▸ Data to examine:
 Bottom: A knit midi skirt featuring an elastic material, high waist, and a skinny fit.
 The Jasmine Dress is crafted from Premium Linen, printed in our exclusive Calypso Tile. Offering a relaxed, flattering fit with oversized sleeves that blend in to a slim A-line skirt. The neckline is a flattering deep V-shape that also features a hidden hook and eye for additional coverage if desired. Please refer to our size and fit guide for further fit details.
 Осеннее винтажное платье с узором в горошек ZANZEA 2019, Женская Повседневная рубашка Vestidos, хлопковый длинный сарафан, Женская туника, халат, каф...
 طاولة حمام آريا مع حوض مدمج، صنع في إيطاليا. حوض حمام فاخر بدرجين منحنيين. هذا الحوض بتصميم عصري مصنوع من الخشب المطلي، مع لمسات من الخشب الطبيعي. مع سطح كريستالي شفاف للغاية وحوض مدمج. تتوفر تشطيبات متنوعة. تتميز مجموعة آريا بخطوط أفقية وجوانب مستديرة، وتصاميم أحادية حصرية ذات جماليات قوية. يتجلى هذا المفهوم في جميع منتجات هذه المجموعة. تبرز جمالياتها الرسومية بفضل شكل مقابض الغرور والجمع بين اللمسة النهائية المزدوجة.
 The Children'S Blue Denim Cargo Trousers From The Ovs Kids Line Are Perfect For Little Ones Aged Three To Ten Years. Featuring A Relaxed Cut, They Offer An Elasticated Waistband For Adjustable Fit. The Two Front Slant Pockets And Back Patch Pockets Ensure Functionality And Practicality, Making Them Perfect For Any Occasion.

▸ Required action: Your response should consist of the records, printed exactly.

▸ Written solution:
 Bottom: A knit midi skirt featuring an elastic material, high waist, and a skinny fit.
 The Jasmine Dress is crafted from Premium Linen, printed in our exclusive Calypso Tile. Offering a relaxed, flattering fit with oversized sleeves that blend in to a slim A-line skirt. The neckline is a flattering deep V-shape that also features a hidden hook and eye for additional coverage if desired. Please refer to our size and fit guide for further fit details.
 Осеннее винтажное платье с узором в горошек ZANZEA 2019, Женская Повседневная рубашка Vestidos, хлопковый длинный сарафан, Женская туника, халат, каф...
 طاولة حمام آريا مع حوض مدمج، صنع في إيطاليا. حوض حمام فاخر بدرجين منحنيين. هذا الحوض بتصميم عصري مصنوع من الخشب المطلي، مع لمسات من الخشب الطبيعي. مع سطح كريستالي شفاف للغاية وحوض مدمج. تتوفر تشطيبات متنوعة. تتميز مجموعة آريا بخطوط أفقية وجوانب مستديرة، وتصاميم أحادية حصرية ذات جماليات قوية. يتجلى هذا المفهوم في جميع منتجات هذه المجموعة. تبرز جمالياتها الرسومية بفضل شكل مقابض الغرور والجمع بين اللمسة النهائية المزدوجة.
 The Children'S Blue Denim Cargo Trousers From The Ovs Kids Line Are Perfect For Little Ones Aged Three To Ten Years. Featuring A Relaxed Cut, They Offer An Elasticated Waistband For Adjustable Fit. The Two Front Slant Pockets And Back Patch Pockets Ensure Functionality And Practicality, Making Them Perfect For Any Occasion.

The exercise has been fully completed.